For the Dataverse service we use the bridge capabilities: read_dataset_metadata, update_dataset_metadata and publish_dataset and the module functions: findLCHubProjectReference, createLCHubReference, updateDatasetMetadata and display_updated_description.

proProecess: A module function that should be called before calling the actual execution. This can modify the parameters or cancel the activity execution.

For the Dataverse sub-activity publishUpdatedDataset of the activity postDatasetMetadata uses the preProcess function shouldPublish, which will check if the dataset, was a draft before modifying it. If it was a draft, it will not publish the dataset.

Data Access Request#

The 2nd example process is for data access application. In fact, it consists of 2 separate processes, one for data usage applications and another for data usage applications. Even tho some types of data repositories provide some kind of restricted data access features, this might not always be the case. This process again works with dataverse, which allows restricting files, and making requests to access those files. However, these need the applicant to have an account on the dataverse instance, which because of the distributed nature of dataverse does not provide a convenient pathway for data sharing. In addition, it required the data managers, to constantly monitor activities on the dataverse instance in order to manage data requests. Instead, the process we implement depend on 2 simple components: A singlefile php application, which allows to store and access data usage application and email for making the request communication. Therefor the data-managers do not need to register nor enter the dataverse instance.

While the process is functional, it is more for demonstration purposes of the toolkit, and would need to be extended to meet the requirements of real use cases. The two processes make use of the toolkit feature to create the user interface for the process. The generation of user interfaces is intended for rapid testing and prototyping of processes.

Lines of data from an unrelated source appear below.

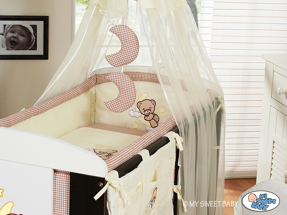 Baby Shop » Bedding sets for cots and beds » Collection GOOD NIGHT » Bedding sets for cot 140cm » Bedding set 5-pcs with canopy (L) » Baby Bedding set 5-pcs- with canopy (L70)- Good night brown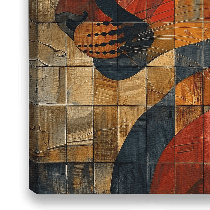 Details: Tierbild, Katzenbild, moderne Kunst, warme Farben, abstrakt, schwarz, orange, braun, gelb, geometrisch
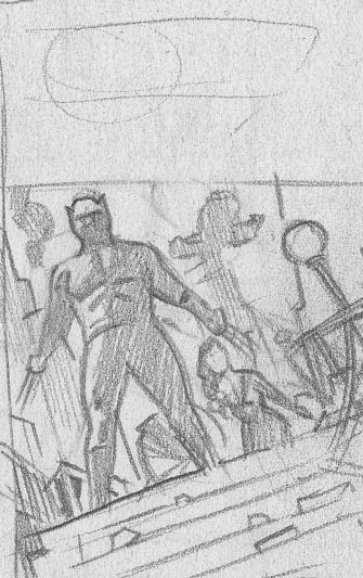 Bocetos y lápiz final para la portada de la serie Fear itself.
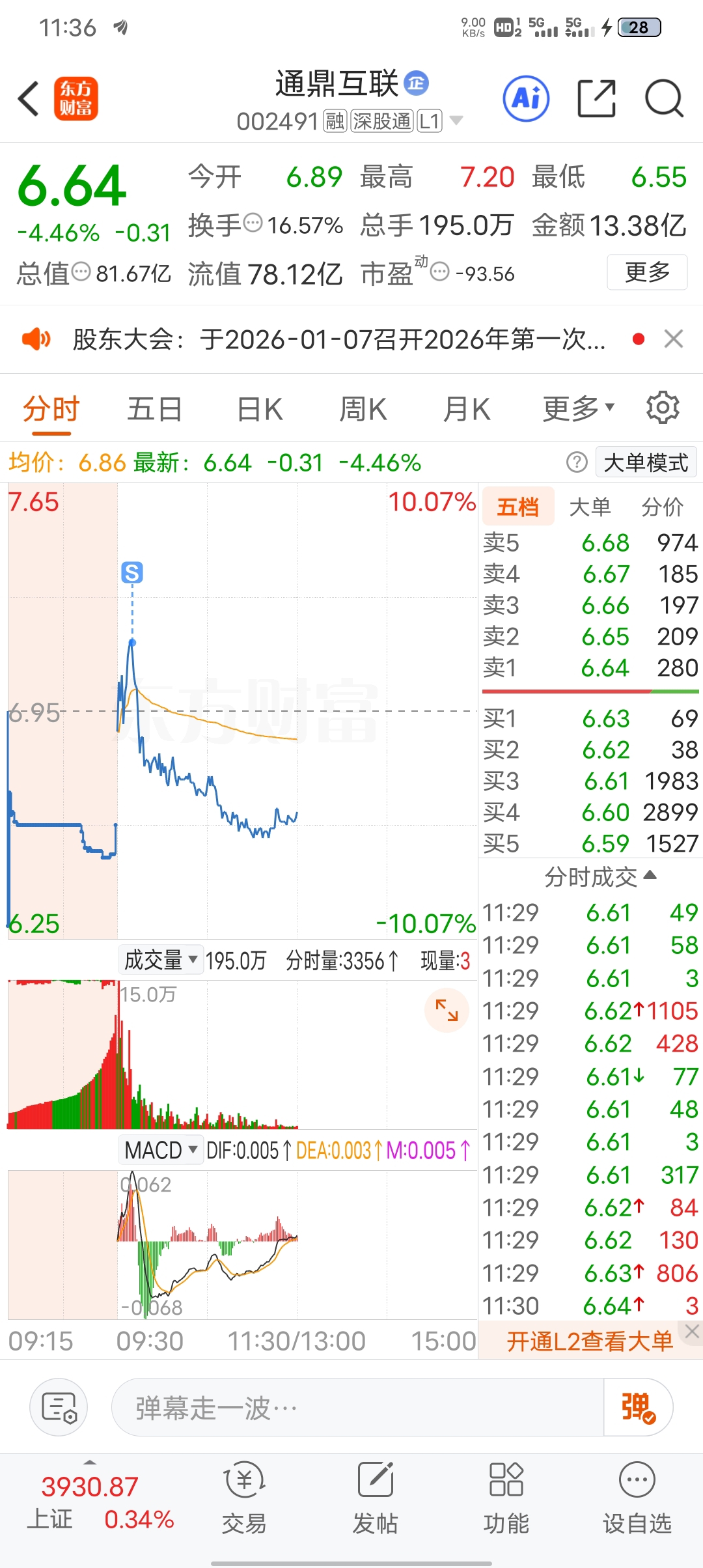 $通鼎互联(SZ002491)$ 还好跑得快,就得果断点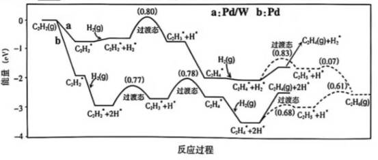 (4)Pd/W 生成乙烷的活化能更高,所以更易生成乙烯。

These are the instance files that are involved in the data usage application process. Compared to the LC Hub Labels example, this process is separated in a more granular way. This is in order to demonstrate how, how the process-page can be separated from the process. Having the components more separated, makes it easier to test replacing individual parts (e.g. in order to use another form of communication then email).

process-page:
data_request.json
    process: data_request_process.json

process:
data_request_process.json
    services.data_request.bridge: dataverse_bridge_openapi.json
    script: data_request.js

bridges:
datastorage_bridge_openapi.json 
    openapiSchemaUri: openapi datastorage_openapi.json
    supportModuleUri: datastore.js

In the process page we specify the bridge that should be used for storing data request information (service: ' request_storage'). The information come from fields that the applicant has to fill out. It includes The dataverse dataset persistent id ( e.g. doi:...) a motivation text, which describes for what purpose the data will be used and the email address of the applicant. As explained above, we are using a single file php application for storing the data request information and set the bridge here, which is the description of an OpenAPI based bridge, with operations for reading, writing and deleting data.

The process-page for making data requests can include query-parameter in the url, namely reciever, which allows to specify the email address of the data owner and datasetId, which allows to directly set the dataset id (unique id on dataverse).

The process for responding to a request has two variants. On the demo-page we included the slightly more complex one data_request_restricted_response.json, which allows the data owner to decide, which files they want to make accessible.